-------- WORKING DATA
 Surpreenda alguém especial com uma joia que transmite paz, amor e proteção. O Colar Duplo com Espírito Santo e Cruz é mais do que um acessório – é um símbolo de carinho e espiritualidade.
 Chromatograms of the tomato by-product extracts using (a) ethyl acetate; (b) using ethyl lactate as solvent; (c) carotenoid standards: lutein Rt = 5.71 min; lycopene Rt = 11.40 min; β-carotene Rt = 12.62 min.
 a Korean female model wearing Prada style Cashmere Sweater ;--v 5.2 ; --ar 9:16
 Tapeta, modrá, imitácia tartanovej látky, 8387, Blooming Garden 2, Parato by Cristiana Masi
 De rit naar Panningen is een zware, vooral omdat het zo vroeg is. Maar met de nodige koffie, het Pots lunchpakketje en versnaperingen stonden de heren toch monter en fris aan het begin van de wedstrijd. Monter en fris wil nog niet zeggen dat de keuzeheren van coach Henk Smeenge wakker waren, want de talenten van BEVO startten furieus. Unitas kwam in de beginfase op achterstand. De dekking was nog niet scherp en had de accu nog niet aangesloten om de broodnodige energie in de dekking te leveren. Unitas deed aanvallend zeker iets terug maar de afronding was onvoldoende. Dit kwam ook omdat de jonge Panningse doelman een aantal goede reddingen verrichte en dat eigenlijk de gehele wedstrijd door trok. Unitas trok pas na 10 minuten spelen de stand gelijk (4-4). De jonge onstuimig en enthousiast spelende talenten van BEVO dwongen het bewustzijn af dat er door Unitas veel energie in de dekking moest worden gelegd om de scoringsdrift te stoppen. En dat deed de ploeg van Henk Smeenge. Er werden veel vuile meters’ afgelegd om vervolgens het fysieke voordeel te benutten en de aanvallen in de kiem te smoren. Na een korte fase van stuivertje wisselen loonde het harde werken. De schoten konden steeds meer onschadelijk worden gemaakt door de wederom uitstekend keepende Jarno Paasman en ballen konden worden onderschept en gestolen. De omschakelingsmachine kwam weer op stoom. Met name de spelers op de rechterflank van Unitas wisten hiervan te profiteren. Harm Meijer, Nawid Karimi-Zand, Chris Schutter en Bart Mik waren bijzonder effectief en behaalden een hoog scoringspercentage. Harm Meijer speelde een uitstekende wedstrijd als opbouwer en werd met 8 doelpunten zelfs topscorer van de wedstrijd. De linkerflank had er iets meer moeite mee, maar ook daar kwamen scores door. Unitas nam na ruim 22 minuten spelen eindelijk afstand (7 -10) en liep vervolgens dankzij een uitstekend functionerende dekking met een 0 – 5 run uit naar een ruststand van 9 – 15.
----------------
◆ REQUIREMENT:
Transcribe the material above. Change nothing in it.

◆ EXERCISE OUTPUT:
 Surpreenda alguém especial com uma joia que transmite paz, amor e proteção. O Colar Duplo com Espírito Santo e Cruz é mais do que um acessório – é um símbolo de carinho e espiritualidade.
 Chromatograms of the tomato by-product extracts using (a) ethyl acetate; (b) using ethyl lactate as solvent; (c) carotenoid standards: lutein Rt = 5.71 min; lycopene Rt = 11.40 min; β-carotene Rt = 12.62 min.
 a Korean female model wearing Prada style Cashmere Sweater ;--v 5.2 ; --ar 9:16
 Tapeta, modrá, imitácia tartanovej látky, 8387, Blooming Garden 2, Parato by Cristiana Masi
 De rit naar Panningen is een zware, vooral omdat het zo vroeg is. Maar met de nodige koffie, het Pots lunchpakketje en versnaperingen stonden de heren toch monter en fris aan het begin van de wedstrijd. Monter en fris wil nog niet zeggen dat de keuzeheren van coach Henk Smeenge wakker waren, want de talenten van BEVO startten furieus. Unitas kwam in de beginfase op achterstand. De dekking was nog niet scherp en had de accu nog niet aangesloten om de broodnodige energie in de dekking te leveren. Unitas deed aanvallend zeker iets terug maar de afronding was onvoldoende. Dit kwam ook omdat de jonge Panningse doelman een aantal goede reddingen verrichte en dat eigenlijk de gehele wedstrijd door trok. Unitas trok pas na 10 minuten spelen de stand gelijk (4-4). De jonge onstuimig en enthousiast spelende talenten van BEVO dwongen het bewustzijn af dat er door Unitas veel energie in de dekking moest worden gelegd om de scoringsdrift te stoppen. En dat deed de ploeg van Henk Smeenge. Er werden veel vuile meters’ afgelegd om vervolgens het fysieke voordeel te benutten en de aanvallen in de kiem te smoren. Na een korte fase van stuivertje wisselen loonde het harde werken. De schoten konden steeds meer onschadelijk worden gemaakt door de wederom uitstekend keepende Jarno Paasman en ballen konden worden onderschept en gestolen. De omschakelingsmachine kwam weer op stoom. Met name de spelers op de rechterflank van Unitas wisten hiervan te profiteren. Harm Meijer, Nawid Karimi-Zand, Chris Schutter en Bart Mik waren bijzonder effectief en behaalden een hoog scoringspercentage. Harm Meijer speelde een uitstekende wedstrijd als opbouwer en werd met 8 doelpunten zelfs topscorer van de wedstrijd. De linkerflank had er iets meer moeite mee, maar ook daar kwamen scores door. Unitas nam na ruim 22 minuten spelen eindelijk afstand (7 -10) en liep vervolgens dankzij een uitstekend functionerende dekking met een 0 – 5 run uit naar een ruststand van 9 – 15.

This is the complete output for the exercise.